Susannah collapsed in tears.
“Aren’t you being elitist, Maria?” Gail inquired.
Sammie jumped to her feet and struck a pose so graceful it could have been choreographed for this moment. “Well, that’s just fine with me. Cause, honey, I’ve had it with lying around listening to a bunch of white women moaning. Every black woman I know is earning a living, plus raising her kids, plus trying to prop up a man who’s been so fucked over by Whitey he can’t hardly get out of bed in the morning. You white women are just spoiled children, whimpering around about your O-pression. And whenever you get tired, you can go on back to Daddy or Hubby, and he’ll take care of you. But this stuff is real to black women, honey, and we got to live with it our whole life through …”
“Now wait just a minute …,” snarled Maria.
“Aren’t you being elitist?” asked Gail.
“I got something to say!” Emily yelled. To her surprise, the room fell silent. She couldn’t remember what it was.

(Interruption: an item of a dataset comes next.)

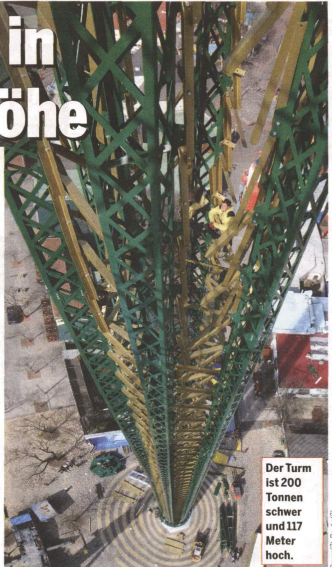
Der Turm ist 200 Tonnen schwer und 117 Meter hoch.

Susannah started talking through her tears. “This group isn’t meeting my needs. This group has never yet met my needs. I’m sure none of you has a clue what I’m talking about. You’ve all been through college …”
“I ain’t been through no college,” muttered Sammie.
“… while you were studying all your fancy theories, I was working. Nothing new to me. I’ve been working since I was fourteen. It was me behind that counter at Woolworth’s when you were buying the pens and paper to write your theses. Gail over there whimpering about wanting to go out and work. Shit, go out and work. But I don’t see anything wrong, if I can find a man who wants this too, in me staying home and raising Levi and keeping house. You people are so out of touch with what life is really like for working people that it’s pointless for me even to be here!”